- Exercise data:
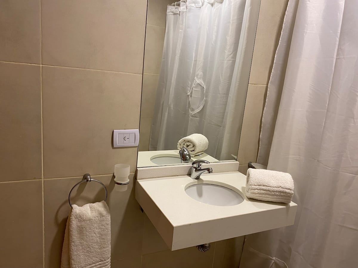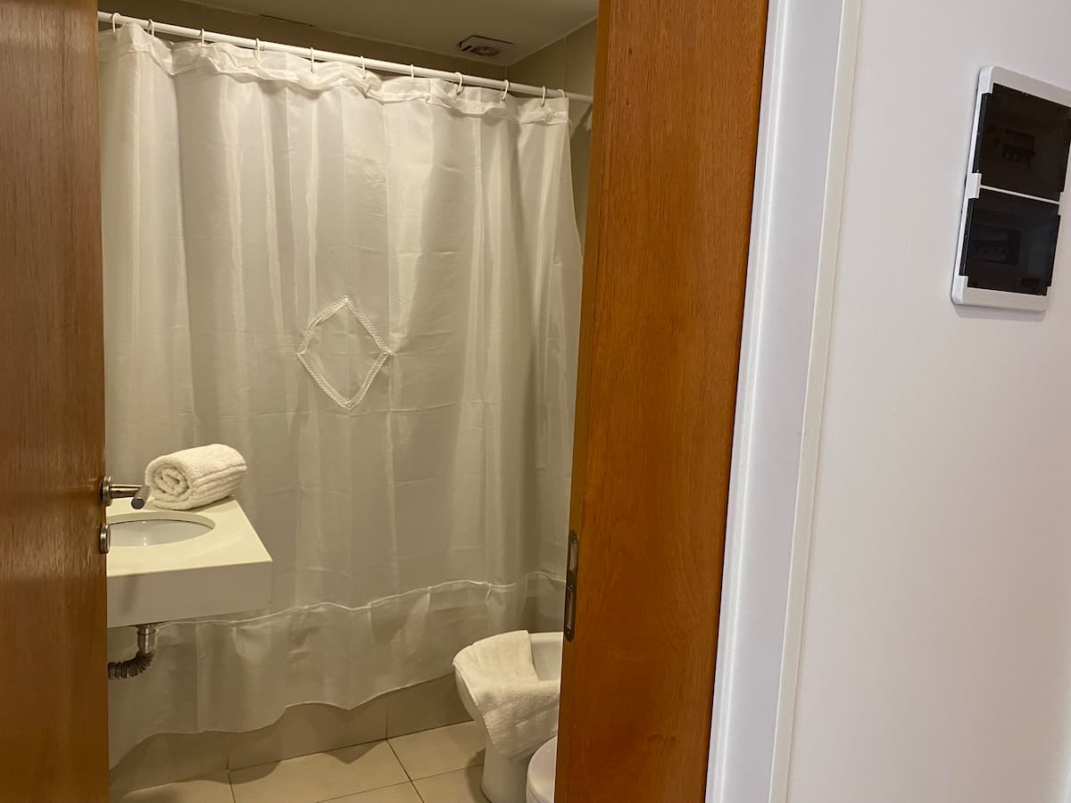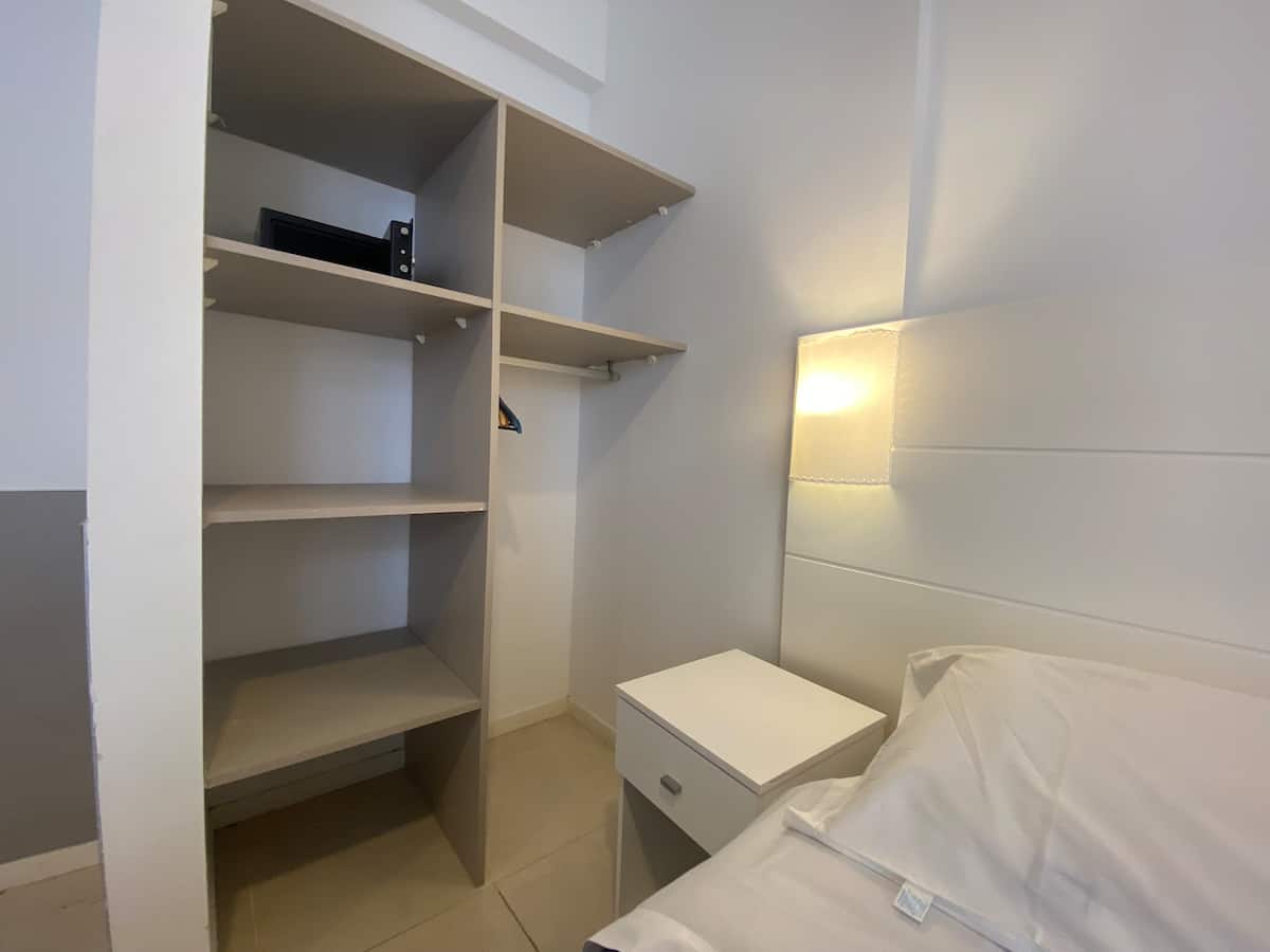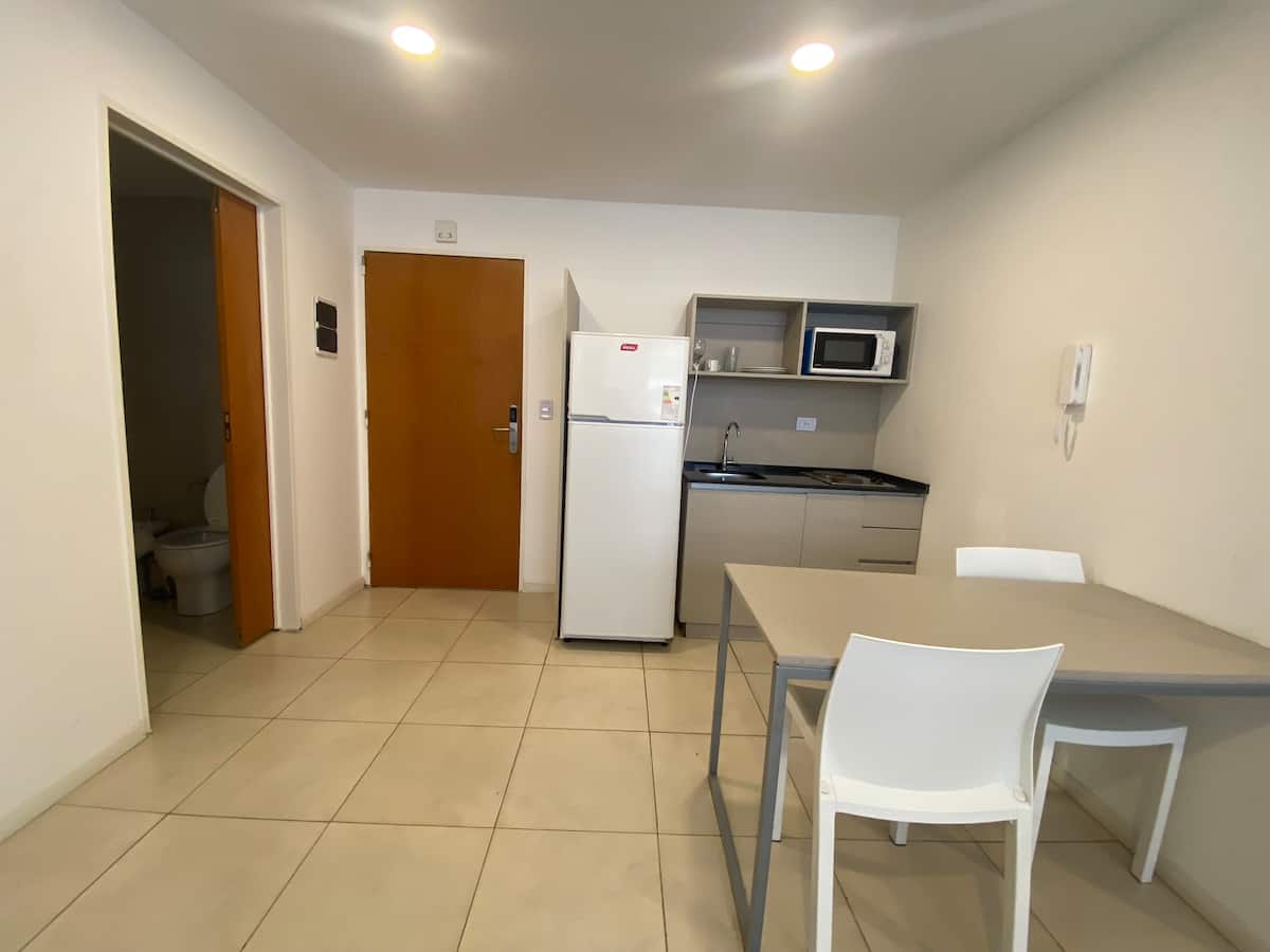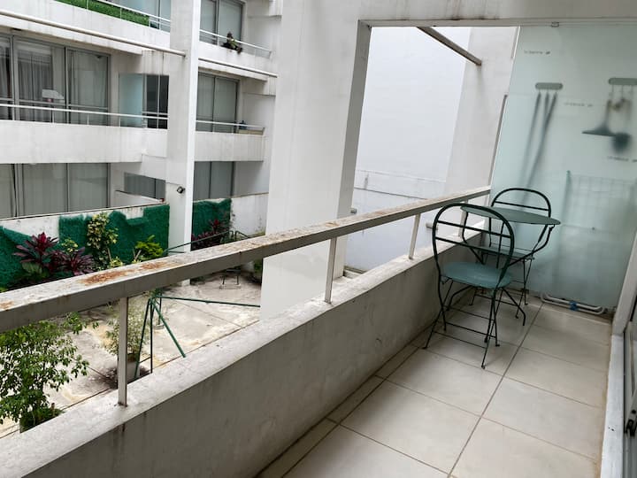 Квартира-студия с балконом в здании, открытом в марте 2018 года. Площадь и этаж не указаны. Вмещает до 2 человек: двуспальная кровать, стол/рабочая зона и стулья. Есть кухонная утварь, посуда и собственная ванная комната.
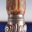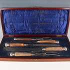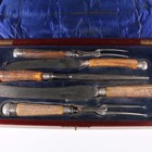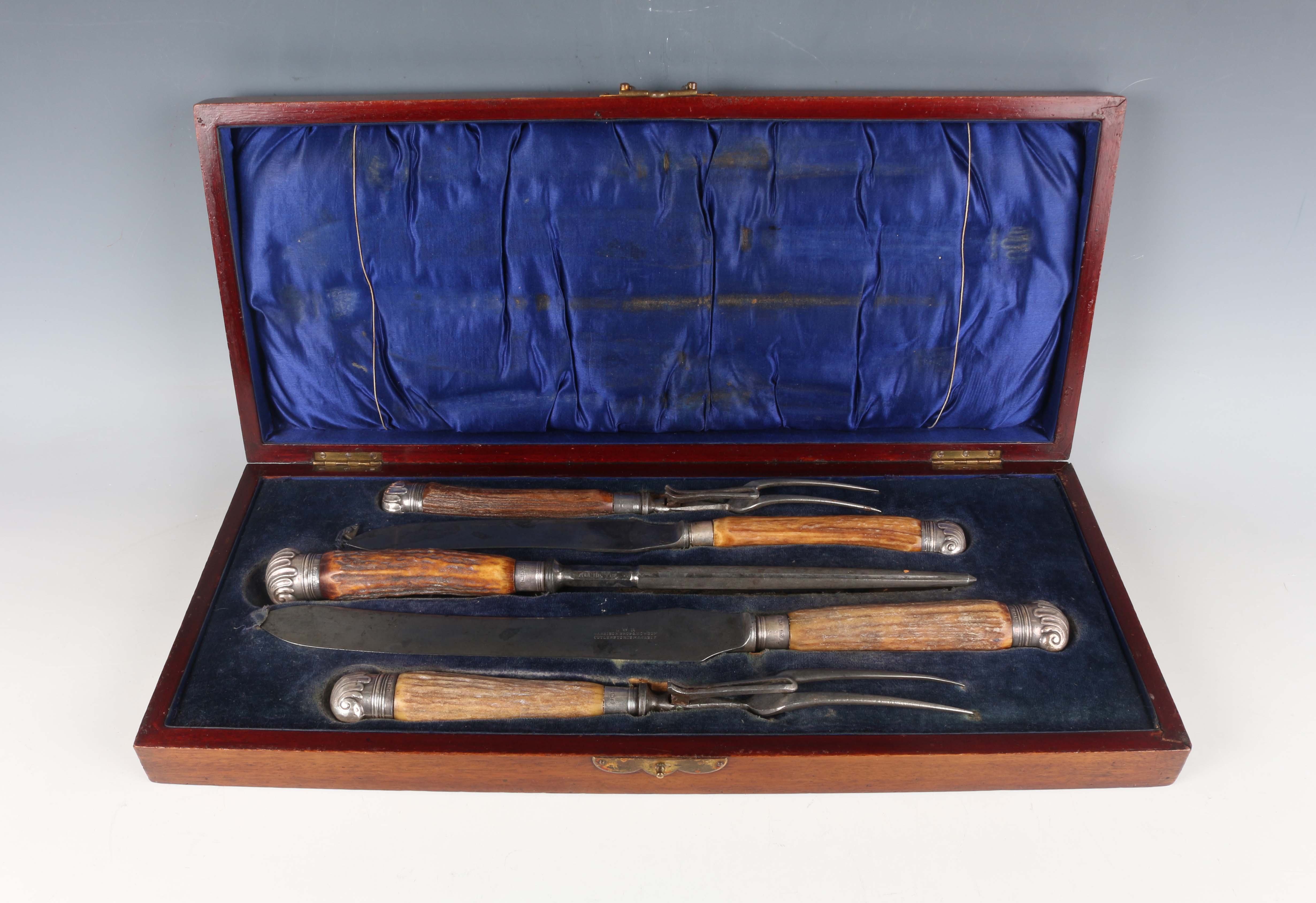 A George V silver mounted antler handled and steel five-piece carving set, comprising two knives, two forks and a steel, Sheffield 1911-1917, within a fitted mahogany case.
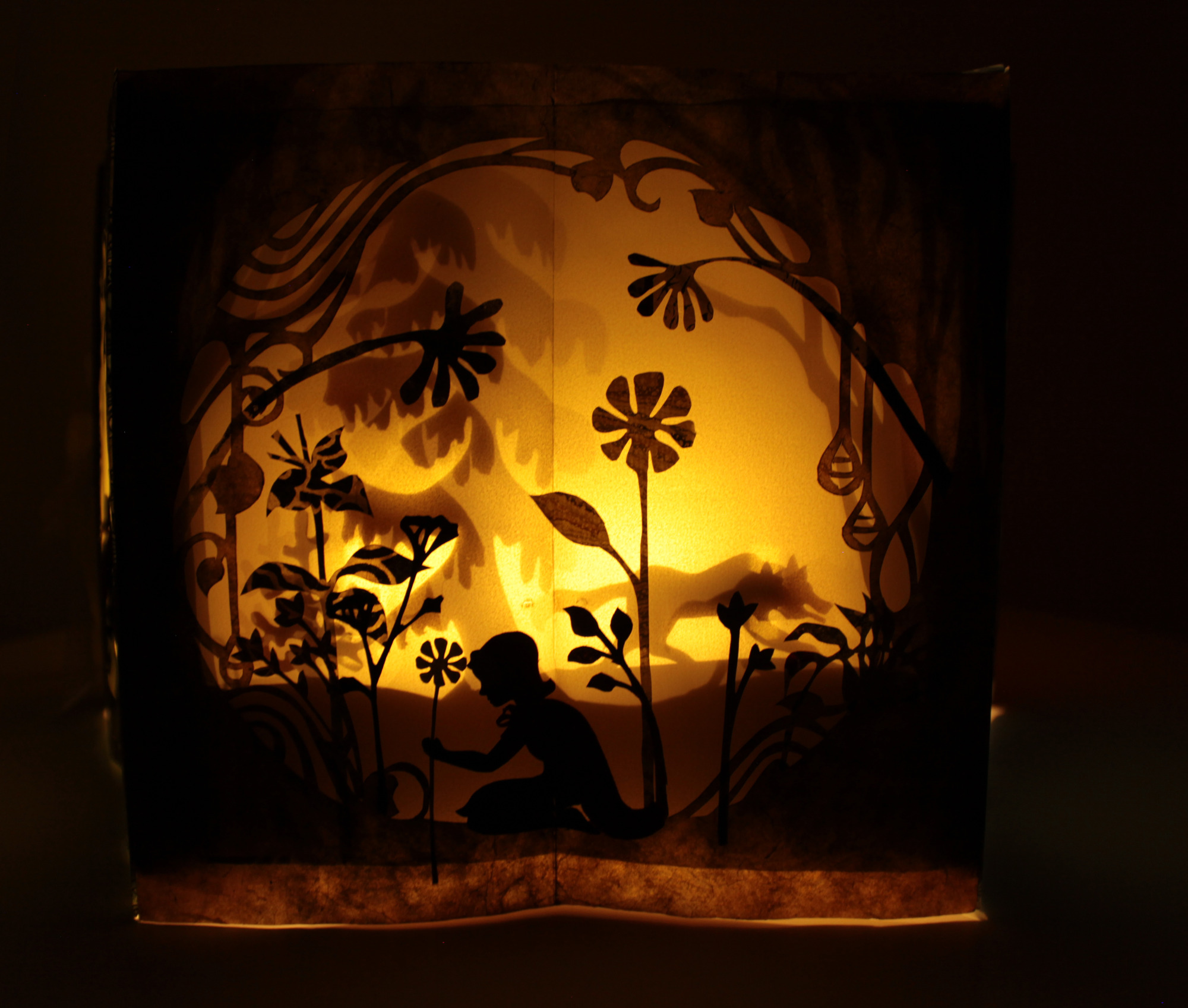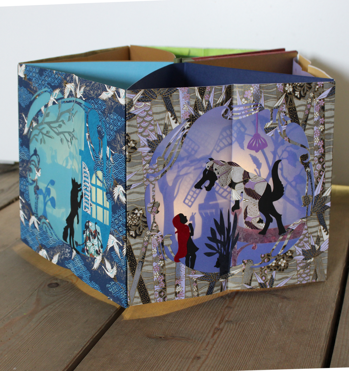 Ein integriertes Licht im Zentrum des Buches ist das besondere Highlight: Es verwandelt das geöffnete Karussellbuch in eine leuchtende Installation und macht es zu einem Objekt zum Staunen, Erleben und Bewahren. Freies Projekt
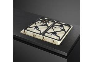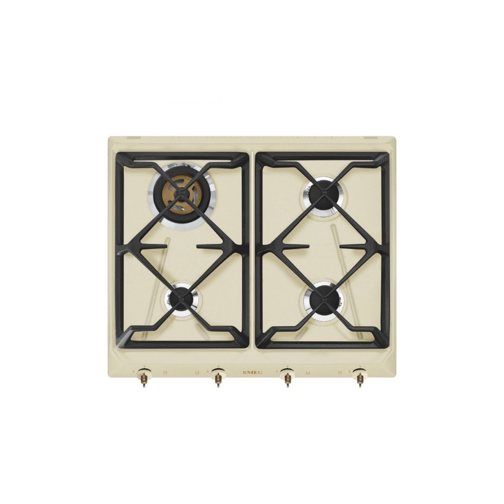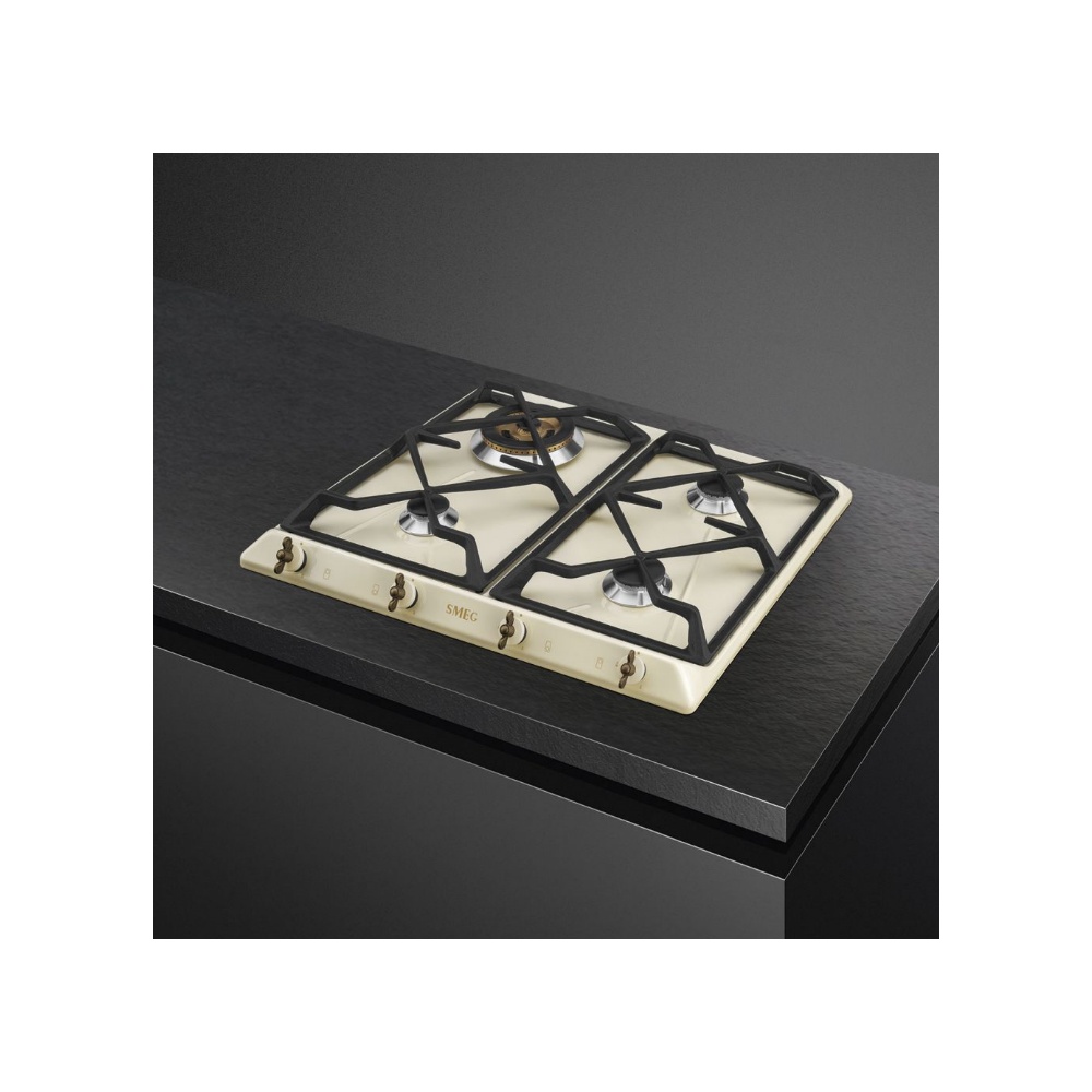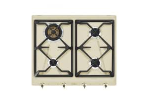 Plita incorporabila gaz Smeg Colonial SRV864POGH, 60 cm, crem cu estetica alama
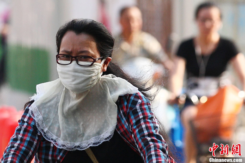 7月30日,南京市民“全副武装”骑车在炙烤的街头经过。当日,中国天气网发布信息,预计7月30日至8月8日,江淮、江南以及重庆等地仍将出现较大范围日最高气温超过35℃的高温天气。其中江南部分地区持续高温日数可达5-8天,部分城市可突破高温历史极值。中新社发 泱波 摄
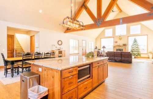 Large farm house with more than 3700 SQ FT of open floor plan and 20 FT high ceiling with floor to ceiling windows to enjoy the natural views. Large sectional/recline-able sofa and dinning table to accommodate a large group. 5 bedrooms and 4 full baths with 10 beds that sleeps up to 16 people comfortably. Large open kitchen with all modern appliances to host a nice group dinner. 3 adjacent parking garage with EV chargers on-site.
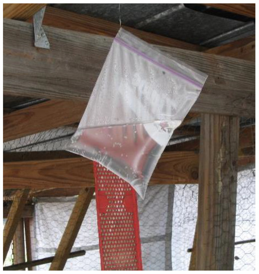 - Stringham, S.M.; Watson, D.W.; Parsons, J.; Carver, D.K.; Wineland, M. Suppression of house flies (Musca domestica) in egg handling rooms of broiler breeder farms using Fly Fright™ bags as an optical repellant. In Proceedings of the 48th Annual Livestock Insect Workers Conference, Lake Placid, NY, USA, 27–30 June 2004. 3p. [Google Scholar]
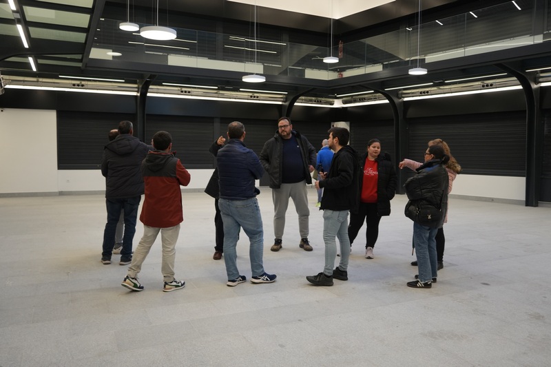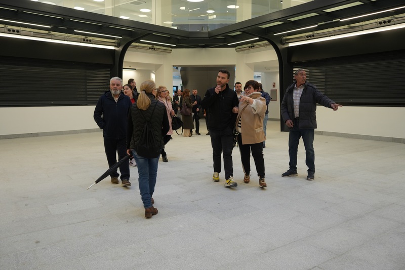 Una vez que la alcaldesa ha explicado los distintos detalles del edificio, los comerciantes han visitado junto a la alcaldesa el nuevo mercado. Todo ello con el fin de que sean los primeros en visitarlo y ver cómo es el edificio por dentro, sus distintos puestos y dependencias.  En concreto, son 19 los puestos que hay en la planta baja y otros 8 en la planta alta, en la que se combinan locales con quioscos de restauración, ofreciendo la posibilidad de que el cliente que puede hacer la compra y quedarse a tomar un aperitivo. Los mostradores de atención están dando a la calle, de forma que el cliente pueda relacionarse directamente con ellos, permitiendo una sensación de plaza de mercado abierta, directa y cercana con la trama urbana, integrándose lo que hay dentro con lo que hay fuera. En el centro del nuevo mercado hay un lucernario cenital, lo que posibilita que haya luz natural en cualquier espacio del edificio, lo que le hace más abierto y luminoso.

- Brief: Each entry is to be returned as it stands, and each picture is to be left out.

- Response box:
 Квартира-студия с балконом в здании, открытом в марте 2018 года. Площадь и этаж не указаны. Вмещает до 2 человек: двуспальная кровать, стол/рабочая зона и стулья. Есть кухонная утварь, посуда и собственная ванная комната.
 A George V silver mounted antler handled and steel five-piece carving set, comprising two knives, two forks and a steel, Sheffield 1911-1917, within a fitted mahogany case.
 Ein integriertes Licht im Zentrum des Buches ist das besondere Highlight: Es verwandelt das geöffnete Karussellbuch in eine leuchtende Installation und macht es zu einem Objekt zum Staunen, Erleben und Bewahren. Freies Projekt
 Plita incorporabila gaz Smeg Colonial SRV864POGH, 60 cm, crem cu estetica alama
 7月30日,南京市民“全副武装”骑车在炙烤的街头经过。当日,中国天气网发布信息,预计7月30日至8月8日,江淮、江南以及重庆等地仍将出现较大范围日最高气温超过35℃的高温天气。其中江南部分地区持续高温日数可达5-8天,部分城市可突破高温历史极值。中新社发 泱波 摄
 Large farm house with more than 3700 SQ FT of open floor plan and 20 FT high ceiling with floor to ceiling windows to enjoy the natural views. Large sectional/recline-able sofa and dinning table to accommodate a large group. 5 bedrooms and 4 full baths with 10 beds that sleeps up to 16 people comfortably. Large open kitchen with all modern appliances to host a nice group dinner. 3 adjacent parking garage with EV chargers on-site.
 - Stringham, S.M.; Watson, D.W.; Parsons, J.; Carver, D.K.; Wineland, M. Suppression of house flies (Musca domestica) in egg handling rooms of broiler breeder farms using Fly Fright™ bags as an optical repellant. In Proceedings of the 48th Annual Livestock Insect Workers Conference, Lake Placid, NY, USA, 27–30 June 2004. 3p. [Google Scholar]
 Una vez que la alcaldesa ha explicado los distintos detalles del edificio, los comerciantes han visitado junto a la alcaldesa el nuevo mercado. Todo ello con el fin de que sean los primeros en visitarlo y ver cómo es el edificio por dentro, sus distintos puestos y dependencias.  En concreto, son 19 los puestos que hay en la planta baja y otros 8 en la planta alta, en la que se combinan locales con quioscos de restauración, ofreciendo la posibilidad de que el cliente que puede hacer la compra y quedarse a tomar un aperitivo. Los mostradores de atención están dando a la calle, de forma que el cliente pueda relacionarse directamente con ellos, permitiendo una sensación de plaza de mercado abierta, directa y cercana con la trama urbana, integrándose lo que hay dentro con lo que hay fuera. En el centro del nuevo mercado hay un lucernario cenital, lo que posibilita que haya luz natural en cualquier espacio del edificio, lo que le hace más abierto y luminoso.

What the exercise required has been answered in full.